Goal: Block all backdoor paths to eliminate confounding.

Sufficient Adjustment Sets

Definition 2 (Sufficient Adjustment Set) A set of variables \(L\) is sufficient for confounding adjustment if conditioning on \(L\) blocks all backdoor paths from \(A\) to \(Y\).

Equivalently: \((Y^a \perp\!\!\!\perp A \mid L)\) for all \(a\) (conditional exchangeability).

Multiple sufficient sets: There may be many sufficient adjustment sets. We want to choose one that:

  1. Blocks all backdoor paths (necessary)
  2. Doesn’t introduce new bias (important)
  3. Is measurable and measured

3 18.3 Confounding Adjustment (pp. 270-273)

When we adjust for a sufficient set, we remove confounding.

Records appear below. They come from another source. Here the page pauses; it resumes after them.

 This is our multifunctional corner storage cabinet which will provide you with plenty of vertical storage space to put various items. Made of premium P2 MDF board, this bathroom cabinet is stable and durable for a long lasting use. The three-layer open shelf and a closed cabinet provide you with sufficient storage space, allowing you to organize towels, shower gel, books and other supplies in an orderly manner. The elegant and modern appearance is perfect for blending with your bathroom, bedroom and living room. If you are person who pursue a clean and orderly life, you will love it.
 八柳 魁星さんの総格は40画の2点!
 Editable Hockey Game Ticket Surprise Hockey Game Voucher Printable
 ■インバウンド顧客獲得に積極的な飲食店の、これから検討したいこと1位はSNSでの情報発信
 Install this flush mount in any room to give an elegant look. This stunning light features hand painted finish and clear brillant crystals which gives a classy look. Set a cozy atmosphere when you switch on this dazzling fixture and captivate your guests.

But be careful about adjusting for too much.

Variables to Include

Confounders: Variables on backdoor paths

  • ✓ Include to block backdoor paths
  • These are causes of both treatment and outcome (or proxies thereof)

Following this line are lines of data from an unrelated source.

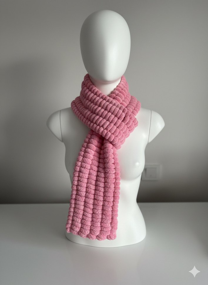 Pastel pembe renkte, yumuşak dokulu örgü kadın şalı. Rahat ve şık normcore tarzıyla trend belirleyiciler için ideal.
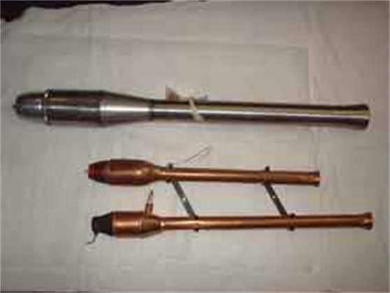 这是一些自制的相当简单的冲压发动机,这些冲压发动机叫做脉冲式冲压发动机,有一个很大的特点就是在发动机后部分带有一个长长的管子。其实这也是冲压发动机燃烧室的一部分,冲压发动机将燃料和空气注入到燃烧室内,当燃料被点燃后会产生爆震,爆震波的会迅速的在管道内扩张将整个管道内的燃料和空气混合物点燃。如果管子过短就有两个弊端,第一是总会有一部分空气和燃料的混合物没有燃烧充分造成燃料和推力两方面的浪费,第二则是燃气没有充分膨胀从喷管中喷出后还有大量的内能没有被利用。
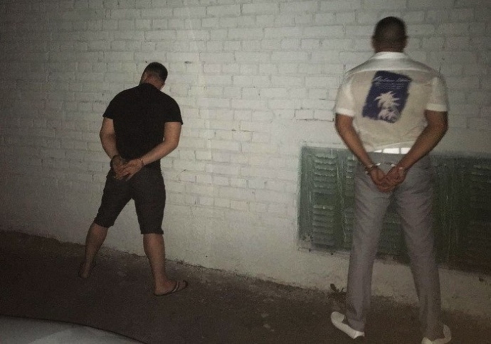 Повідомляється, що затримані вимагали від київського бізнесмена 35 тисяч доларів за нібито охорону його готелю.
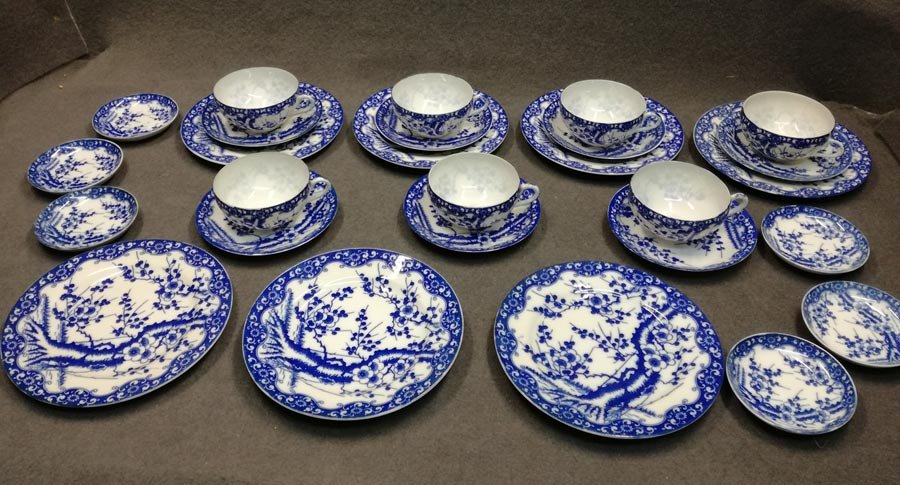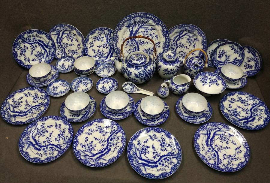 Teeservice Japan, Kirschblüte. Sehr umfangreich, 40 Teile, für 7 Personen.

Example DAG: \[A \leftarrow L \to Y\]

Adjust for \(L\) to block the backdoor path.

Variables to Exclude

Mediators: Variables on the causal path from \(A\) to \(Y\)

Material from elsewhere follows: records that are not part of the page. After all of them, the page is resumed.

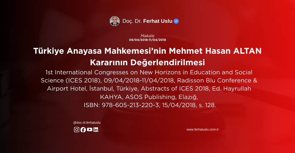 Türkiye Anayasa Mahkemesi’nin Mehmet Hasan ALTAN Kararının Değerlendirilmesi
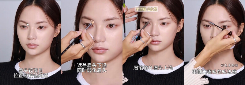 Haemin老師提到,要強調五官的立體度,才會有整個人看起來很緊、很精緻的感覺,尤其是下顎線、鼻影都會特別著重,另外就是眉毛的話,為了讓線條平滑流暢,會在眉頭下方視需求運用遮瑕膏調整線條。
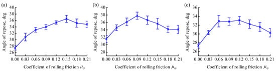 In this section, the sensitivity of the coefficients of rolling friction between seed particles and between seed particles and the boundary to the angle of repose is studied to provide an effective basis for parameter calibration by a single-factor test.
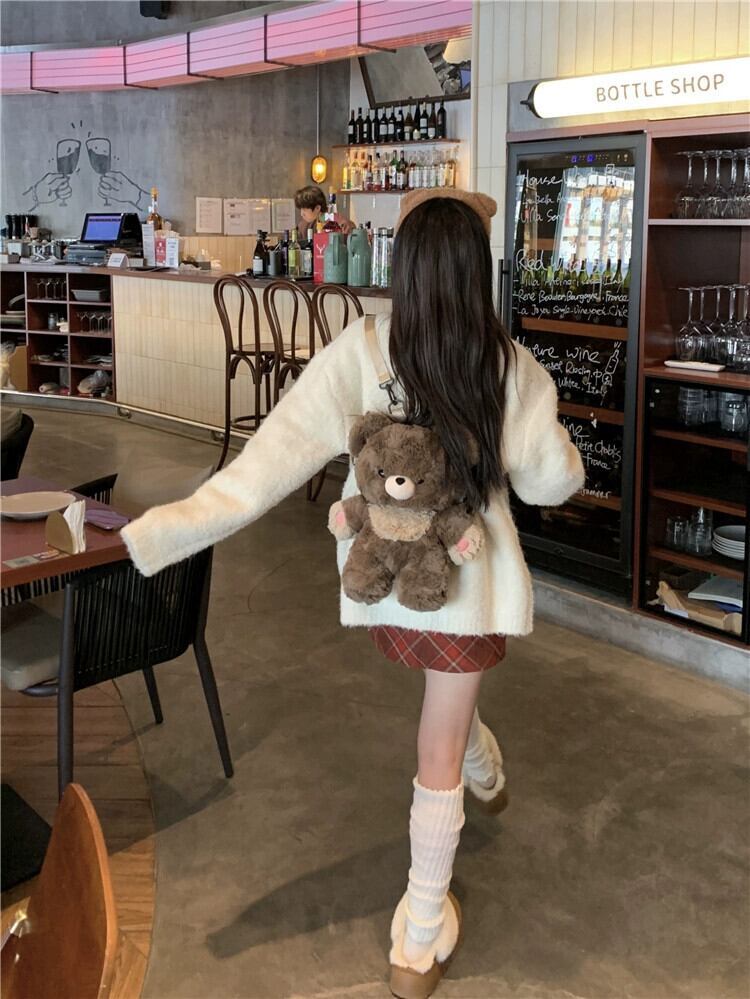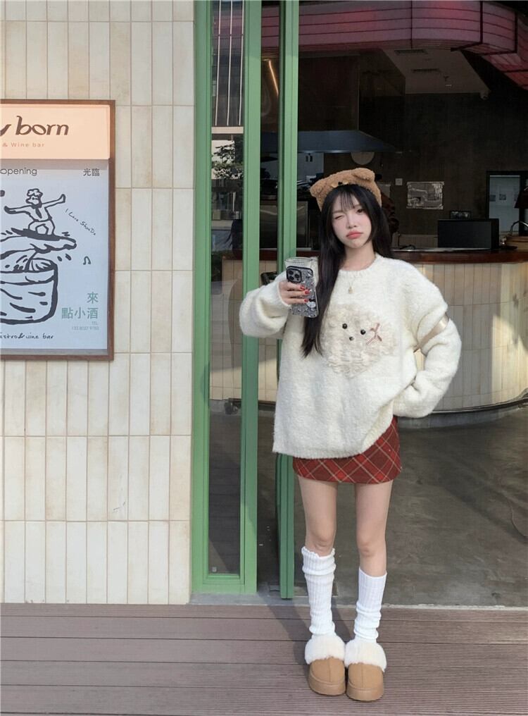 ぬいぐるみの子犬のソフトでワックス状のラウンドネックセーター、春の女性、優しくて怠惰なスタイル、ゆったりとした長袖プルオーバーセータートップ ロング スプリング 春物 Oネック bstraw23678022969 | beaute25
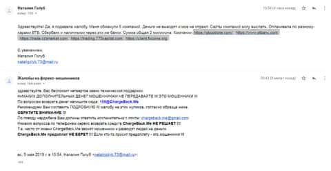 Одна потерпевшая рассказала нам вкратце о случае, где она попалась сразу в несколько форекс-лохотронов. Среди них были следующие кухни: ГБ Опционс, ПтБанк, СС Маркет, 770 капитал, ФХ Коинс. Мошенники отказываются отдавать деньги и теперь вся надежда на сервис по возврату средств ChargeBack.Me
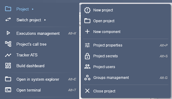 - Project secrets : To open a window with the project's passwords and tokens
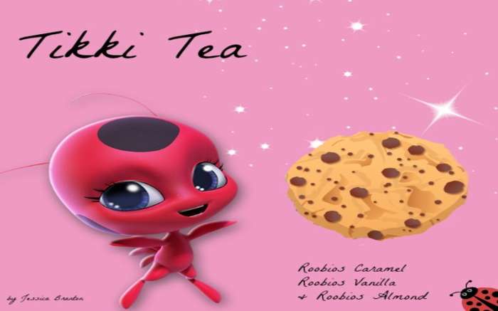 Sweet Tikki deserves a tea that's as sweet as the cookies she loves. Thus, I have created such a tea! I blend of three different roobios teas to contribute to the cookie element, this tea also has chocolate chips so that she is connected to Ladybug and gets the final similarity between her beloved chocolate chip cookie.
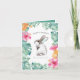 This cute Easter card features a replica of my original hand painted watercolor illustration of a bunny rabbit encircled by hibiscus flowers and botanical greenery in shades of greens, pinks and orange on a crisp white background. The words "Happy Easter" are set in a modern brush script typography. Personalize with you own greeting. The inside features a complimentary turquoise green color with your custom greeting in white. Assorted Easter cards available in my online store. Personalize the words to read Happy Birthday with your names or whatever you like. Select multiple quantities to order your spring Easter cards in bulk and save. To see more Easter cards 2022 by Victoria Grigaliunas visit www.zazzle.com/dotellabelle
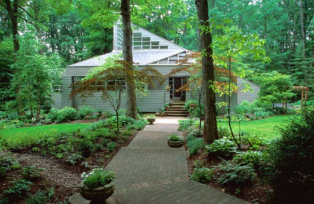 Large sweeping drifts of perennials punctuated with native trees and shrubs transition between the large open lawn and the woods beyond. Arbors and a pergola were designed to complement the house’s unique style, and to give “entrance” into the different garden “rooms” near the house.
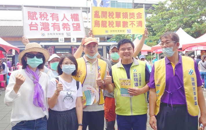 圖二:立委莊瑞雄(右二)與法稅改革聯盟志工合影。
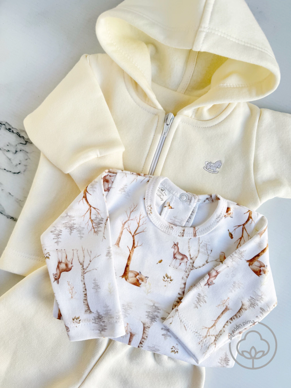 El Conjunto Jogging es presentado en la Caja Kraft, envuelto en papel de seda y tarjeta al tono. La presentación del regalo de nacimiento es hermosa!!

  • ✗ Do NOT adjust (would remove part of the causal effect)

Example DAG: \[A \to M \to Y\]

If we adjust for \(M\), we block the causal path through \(M\).

Descendants of treatment: Variables affected by \(A\)

  • ✗ Usually do NOT adjust (may induce bias)

Colliders

Definition 3 (Collider) A collider on a path is a variable with two arrows pointing into it.

Example: \[A \to C \leftarrow U \to Y\]

\(C\) is a collider on the path \(A \to C \leftarrow U \to Y\).

Property: This path is blocked by default (without conditioning on \(C\)).

Danger: If we condition on \(C\) (or its descendants), we open the path, creating collider bias.

Rule: Do NOT adjust for colliders (unless necessary to block other paths).

4 18.4 Instrumental Variables and M-bias (pp. 273-276)

Some variables should not be adjusted for even if they’re associated with both treatment and outcome.

M-bias (Butterfly Bias)

DAG structure:

    U1 → L ← U2
     ↓         ↓
     A         Y

Properties:

  • \(L\) is associated with both \(A\) and \(Y\) (through \(U1\) and \(U2\))
  • \(L\) is a collider on the path \(A \leftarrow U1 \to L \leftarrow U2 \to Y\)
  • This path is blocked by default
  • But if we adjust for \(L\), we open this path!

Result: Adjusting for \(L\) introduces bias even though \(L\) is associated with both \(A\) and \(Y\).

Instrumental Variables Revisited

An instrumental variable \(Z\) satisfies:

Z → A → Y

with no backdoor paths from \(Z\) to \(Y\).

Should we adjust for \(Z\)?

  • If using IV methods: NO (use \(Z\) as instrument)
  • If using standard methods and \(Z\) is not a confounder: NO (unnecessary, may hurt efficiency)
  • If \(Z\) confounds some other relationship of interest: MAYBE

5 18.5 Confounders, Mediators, and Intermediate Confounders (pp. 276-279)

Time-varying treatments create new challenges for variable selection.

Time-Varying Confounding

Setting: Treatment varies over time (\(A_0, A_1, \ldots\)), as do confounders (\(L_0, L_1, \ldots\))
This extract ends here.